Margaret Scrivener, formerly Member of the Provincial Parliament for the Riding of St. David, member of the firm Martin & Meredith Limited Real Estate and Honorary Director, The Empire Club of Canada; The Rev. Dr. Malcolm Sinclair, Minister, Metropolitan United Church; William Wilton, Executive Director, The Canadian Journalism Foundation; Anthony Fredo, Vice-President of Public Affairs, Ford of Canada; Robert J. McGavin, Senior Vice-President, Public Affairs, Toronto Dominion Bank and Chairman, Olympic Trust of Canada; John A. MacNaughton, President and CEO, Burns Fry Limited and a Past President, The Empire Club of Canada; Tom Wells, President, T. L. W. Consulting and a Director, The Empire Club of Canada; John Fraser, Editor, Saturday Night Magazine; Julie K. Hannaford, Partner, Borden & Elliot and 2nd Vice-President, The Empire Club of Canada; The Hon. J. Trevor Eyton, O.C., Q.C., B.A., LL.B., Chairman and Director, Brascan Limited; Francoise Bertrand, Presidente-directrice generale, Societe de radio-television de Quebec.

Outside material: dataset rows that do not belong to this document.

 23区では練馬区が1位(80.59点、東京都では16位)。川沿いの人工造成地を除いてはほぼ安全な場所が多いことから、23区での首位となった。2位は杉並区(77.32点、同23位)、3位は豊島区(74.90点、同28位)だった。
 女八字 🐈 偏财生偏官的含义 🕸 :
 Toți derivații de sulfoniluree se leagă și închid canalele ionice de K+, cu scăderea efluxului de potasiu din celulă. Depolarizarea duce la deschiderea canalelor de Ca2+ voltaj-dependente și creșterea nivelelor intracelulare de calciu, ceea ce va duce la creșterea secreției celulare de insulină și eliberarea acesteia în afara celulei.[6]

Introduction by Dr. Jackman

It is with great pleasure that we welcome The Honourable Bill Davis as the first speaker in the Media and Society series. Both the Canadian Journalism Foundation and The Empire Club are pleased that you were willing, Mr. Davis, to review your years of political and civic activity and to bring us the distillation of your wisdom today.

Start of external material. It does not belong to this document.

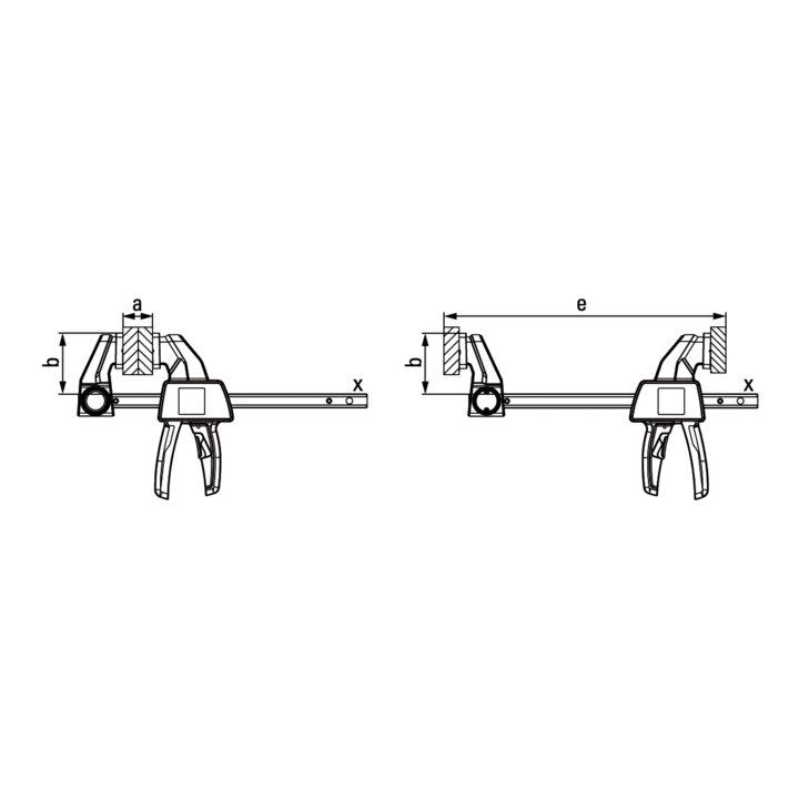 2-Komponenten-Kunstoffgriff mit Pumphebel und integriertem Lösehebel hinter der Schiene bis zu 2750 N Spannkraft (bei EZXL) · werkzeuglos umsteckbar zum Spreizen gummierte Schutzkappen mit Kreuzprisma für sicheren Halt von runden, spitzen und kantigen Teilen

Mr. Davis, of course, is no stranger to The Empire Club, having addressed the Club on many occasions over his distinguished career, perhaps more than any other speaker. While he spoke previously on different subjects, he was not one to mention the media very often. Perhaps he had little reason to.

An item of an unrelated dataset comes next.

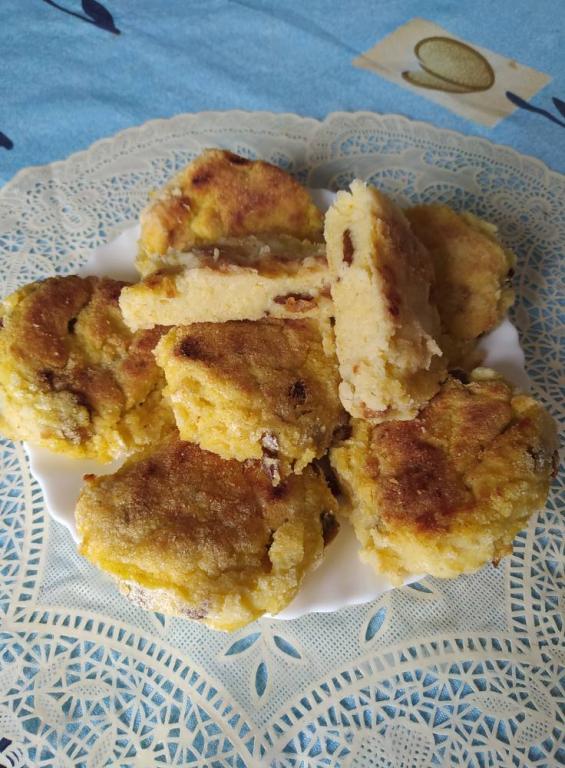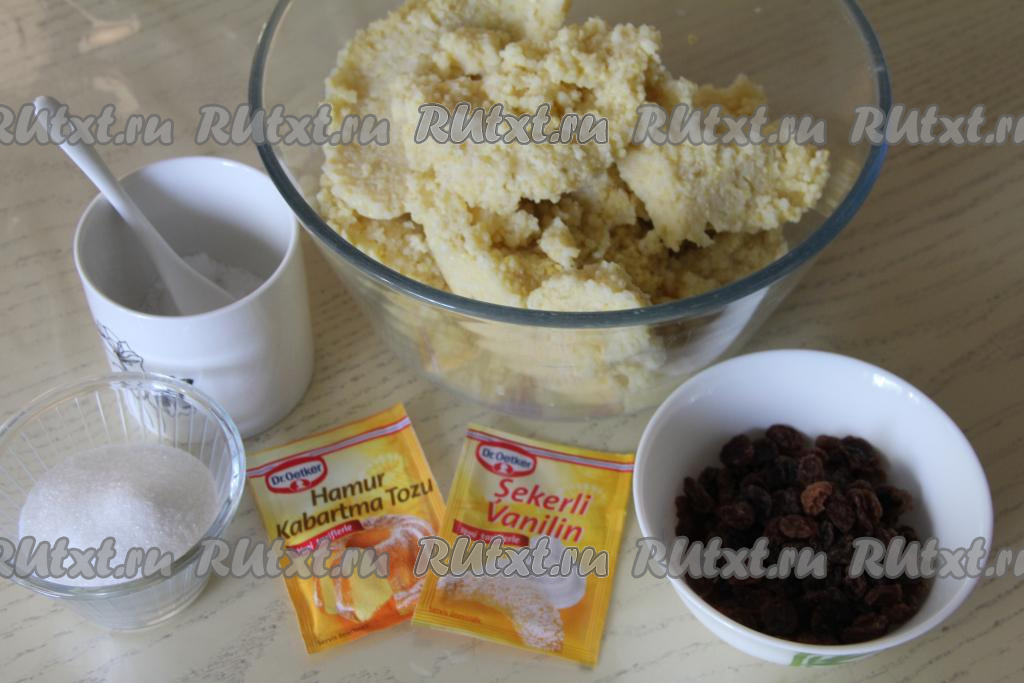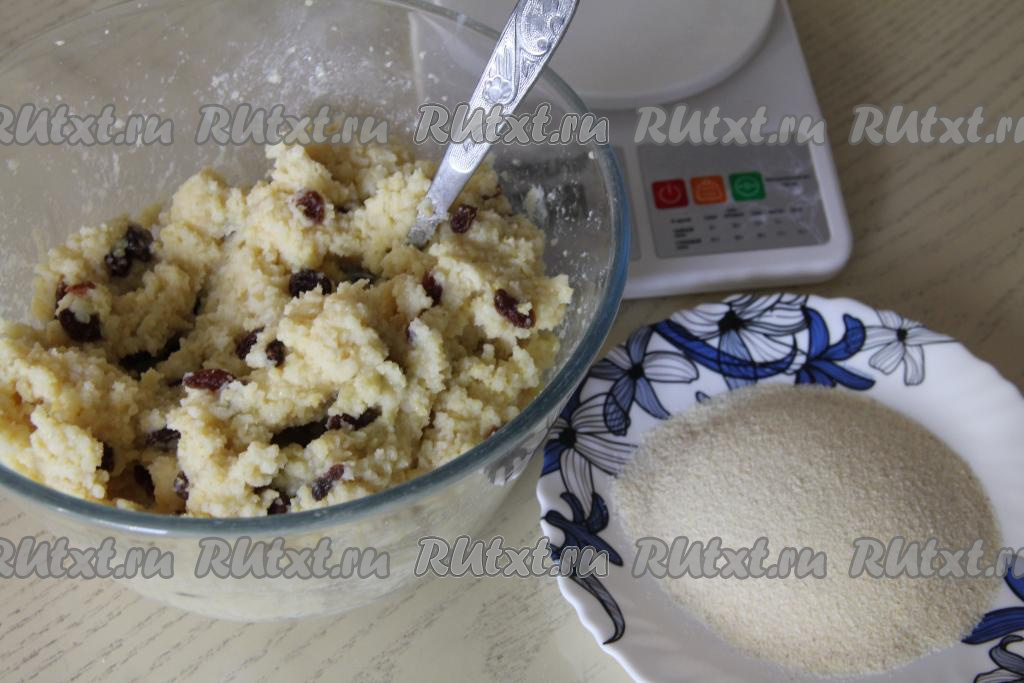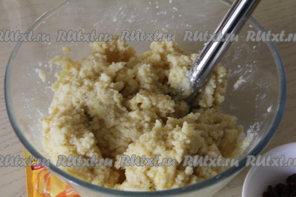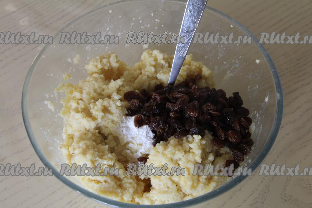 В получившуюся пшённую массу всыпать разрыхлитель, добавить изюм.

Objective observers would likely look back at the Davis years and conclude that Bill Davis faced a kinder and gentler press than we know today. Or perhaps he was a beneficiary of Richard Needham's tongue in cheek belief that "Newspapers go to great pains to give honest, accurate accounts of the lies told by politicians." Now Mr. Davis may, or may not, tell us, that that was or was not, the case. But it may well be that his own calm and patient demeanour helped bring about media coverage that was lower-key and less confrontational. After all, one would not expect a lot of crisis or controversy in the media about a man who was variously described as Buttermilk Bill, Bland Bill or Brampton Bill Davis.

Mr. Davis described his own relationship with the media as relatively calm. This is in contrast to Tom McMillan, when he was a federal conservative cabinet minister and commented on the criticism to which public officials are subjected bluntly saying, "The reputation of Jesus Christ himself could not withstand the kind of abuse the media heap upon anyone who rises above the rank of water commissioner" (1991).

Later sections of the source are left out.